### [Your task]
The answer should match the entries below word for word, minus their pictures.
BEGIN Record set
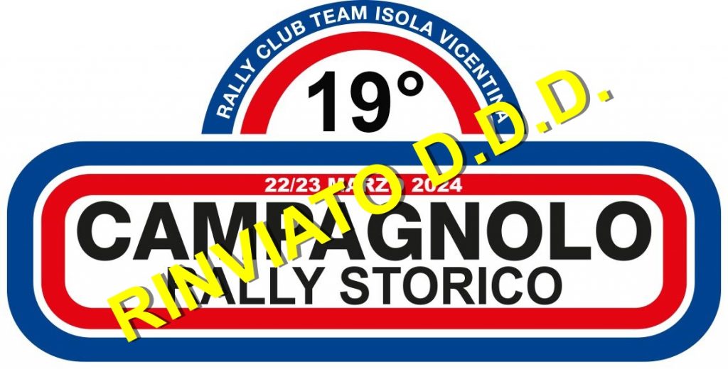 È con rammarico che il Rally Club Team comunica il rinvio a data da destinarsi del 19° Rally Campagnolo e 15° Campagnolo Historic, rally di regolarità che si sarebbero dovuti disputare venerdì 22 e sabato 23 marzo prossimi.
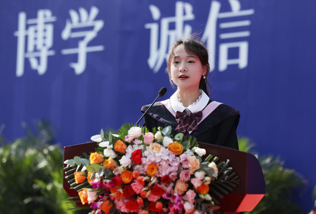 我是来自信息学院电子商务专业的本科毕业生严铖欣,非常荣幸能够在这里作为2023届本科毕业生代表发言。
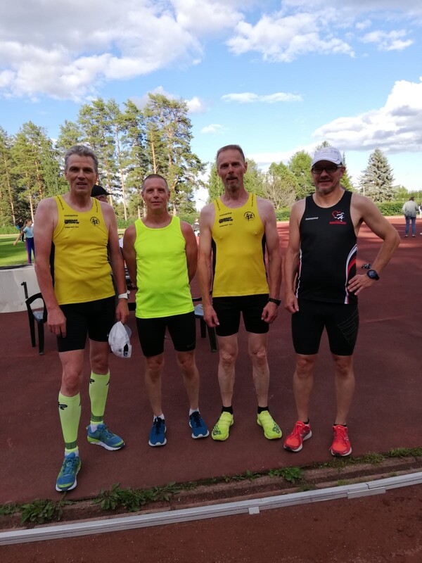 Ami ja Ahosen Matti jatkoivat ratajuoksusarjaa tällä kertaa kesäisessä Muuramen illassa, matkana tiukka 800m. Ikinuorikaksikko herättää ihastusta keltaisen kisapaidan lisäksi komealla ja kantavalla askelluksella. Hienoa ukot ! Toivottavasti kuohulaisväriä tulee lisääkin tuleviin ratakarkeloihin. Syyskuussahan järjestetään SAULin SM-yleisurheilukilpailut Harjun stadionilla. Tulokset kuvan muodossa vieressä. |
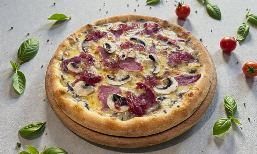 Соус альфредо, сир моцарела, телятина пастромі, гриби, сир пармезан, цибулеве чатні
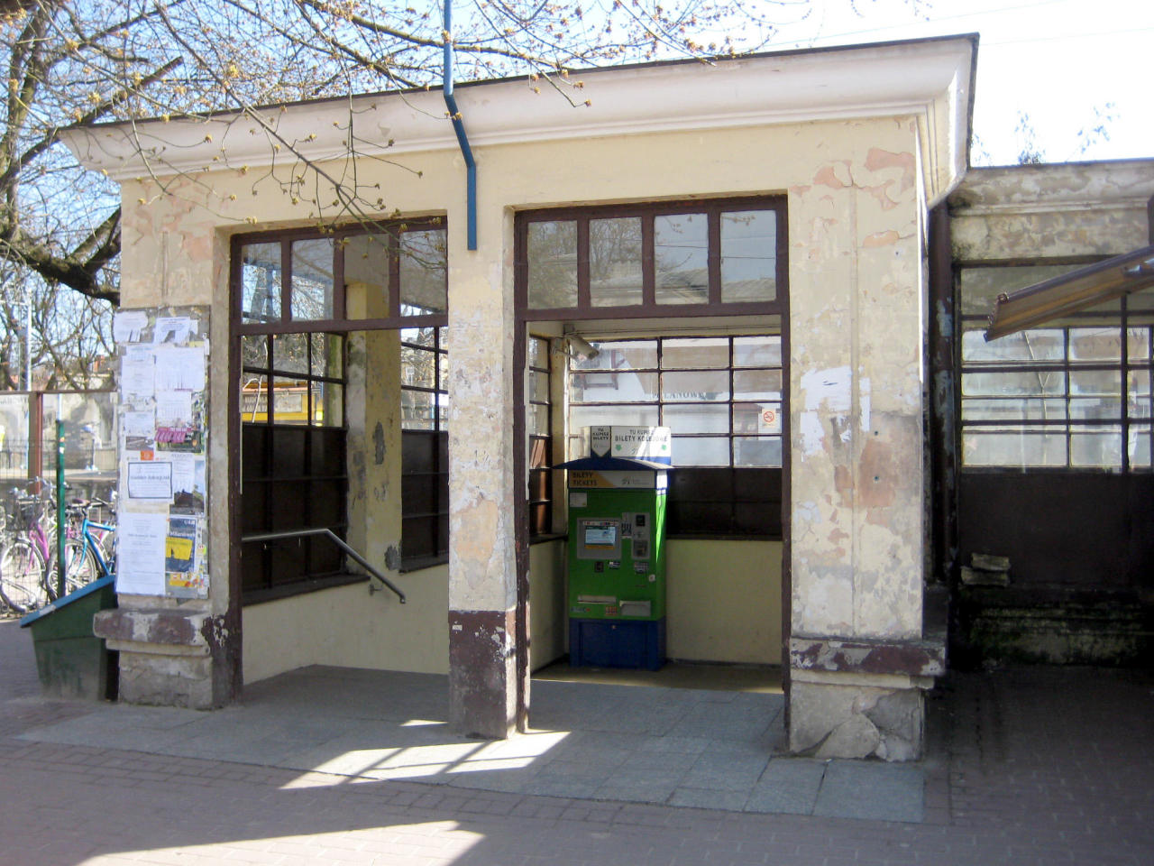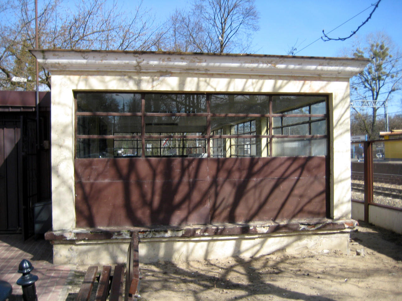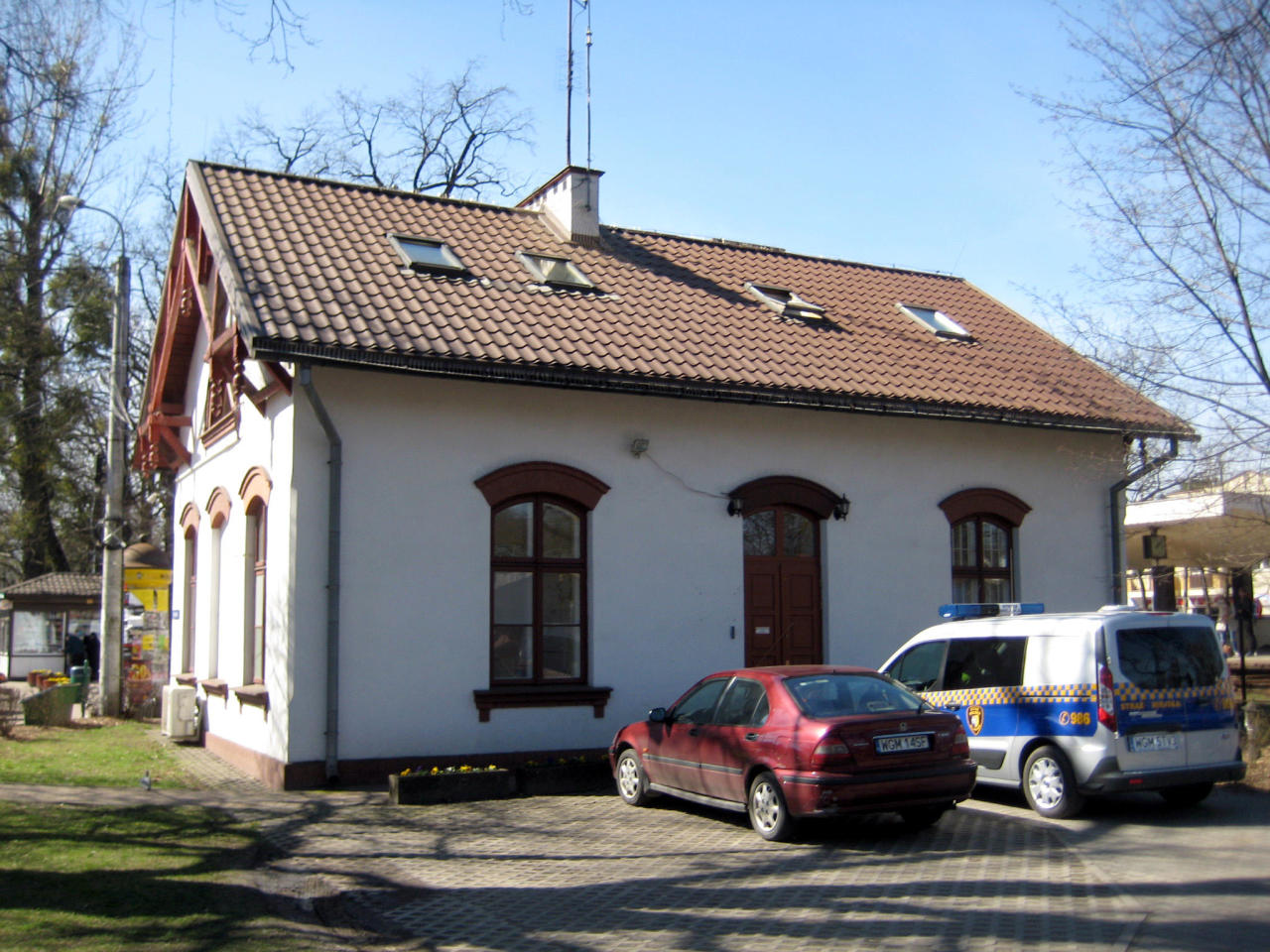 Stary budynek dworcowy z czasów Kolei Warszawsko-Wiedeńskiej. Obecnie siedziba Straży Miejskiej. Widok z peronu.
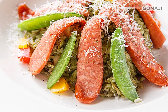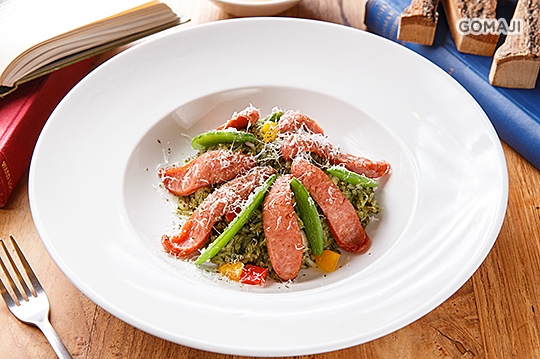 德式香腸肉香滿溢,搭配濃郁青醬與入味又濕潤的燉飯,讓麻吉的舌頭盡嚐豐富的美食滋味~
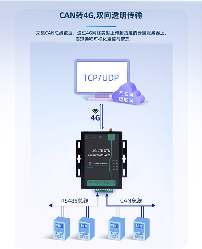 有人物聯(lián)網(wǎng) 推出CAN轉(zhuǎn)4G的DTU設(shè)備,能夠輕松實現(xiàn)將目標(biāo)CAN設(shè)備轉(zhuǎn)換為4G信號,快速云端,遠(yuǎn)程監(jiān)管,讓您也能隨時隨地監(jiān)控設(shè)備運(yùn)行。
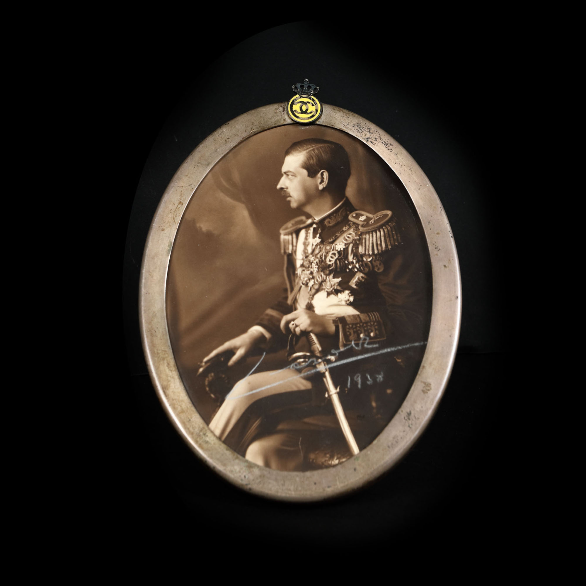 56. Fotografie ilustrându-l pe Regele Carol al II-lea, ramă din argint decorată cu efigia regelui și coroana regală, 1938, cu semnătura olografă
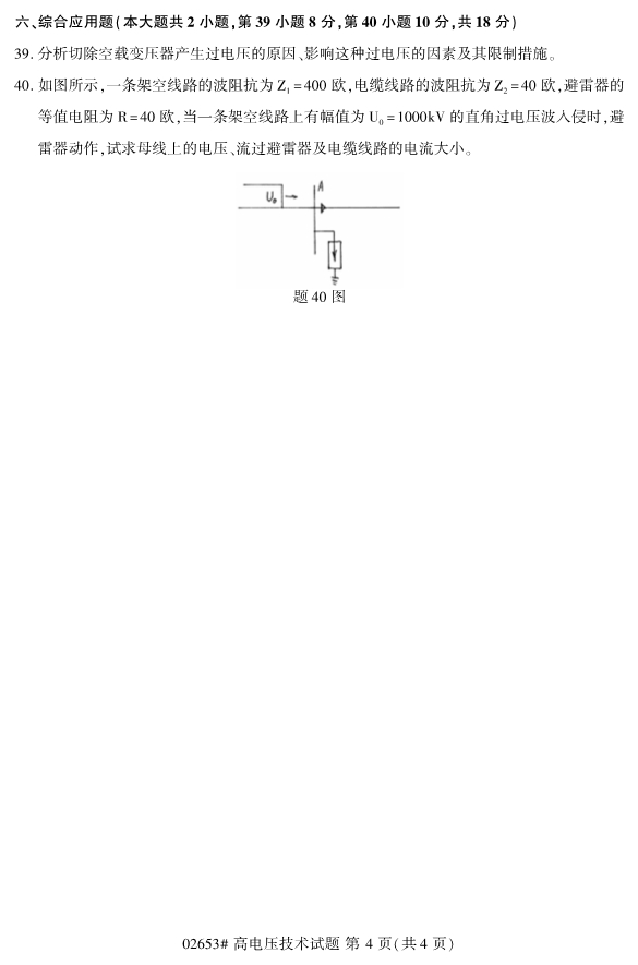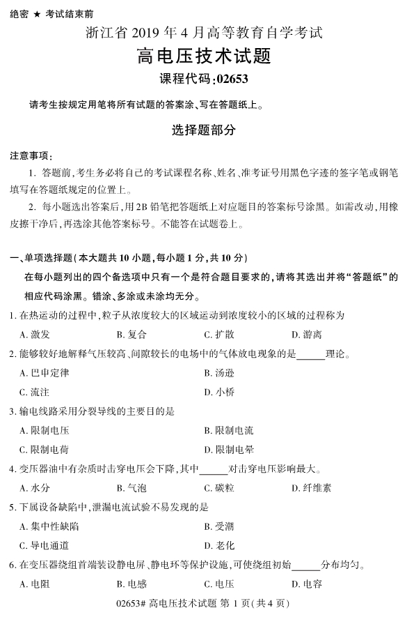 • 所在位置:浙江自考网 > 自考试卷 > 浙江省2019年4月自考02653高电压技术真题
END Record set
### [Answer box]
 È con rammarico che il Rally Club Team comunica il rinvio a data da destinarsi del 19° Rally Campagnolo e 15° Campagnolo Historic, rally di regolarità che si sarebbero dovuti disputare venerdì 22 e sabato 23 marzo prossimi.
 我是来自信息学院电子商务专业的本科毕业生严铖欣,非常荣幸能够在这里作为2023届本科毕业生代表发言。
 Ami ja Ahosen Matti jatkoivat ratajuoksusarjaa tällä kertaa kesäisessä Muuramen illassa, matkana tiukka 800m. Ikinuorikaksikko herättää ihastusta keltaisen kisapaidan lisäksi komealla ja kantavalla askelluksella. Hienoa ukot ! Toivottavasti kuohulaisväriä tulee lisääkin tuleviin ratakarkeloihin. Syyskuussahan järjestetään SAULin SM-yleisurheilukilpailut Harjun stadionilla. Tulokset kuvan muodossa vieressä. |
 Соус альфредо, сир моцарела, телятина пастромі, гриби, сир пармезан, цибулеве чатні
 Stary budynek dworcowy z czasów Kolei Warszawsko-Wiedeńskiej. Obecnie siedziba Straży Miejskiej. Widok z peronu.
 德式香腸肉香滿溢,搭配濃郁青醬與入味又濕潤的燉飯,讓麻吉的舌頭盡嚐豐富的美食滋味~
 有人物聯(lián)網(wǎng) 推出CAN轉(zhuǎn)4G的DTU設(shè)備,能夠輕松實現(xiàn)將目標(biāo)CAN設(shè)備轉(zhuǎn)換為4G信號,快速云端,遠(yuǎn)程監(jiān)管,讓您也能隨時隨地監(jiān)控設(shè)備運(yùn)行。
 56. Fotografie ilustrându-l pe Regele Carol al II-lea, ramă din argint decorată cu efigia regelui și coroana regală, 1938, cu semnătura olografă
 • 所在位置:浙江自考网 > 自考试卷 > 浙江省2019年4月自考02653高电压技术真题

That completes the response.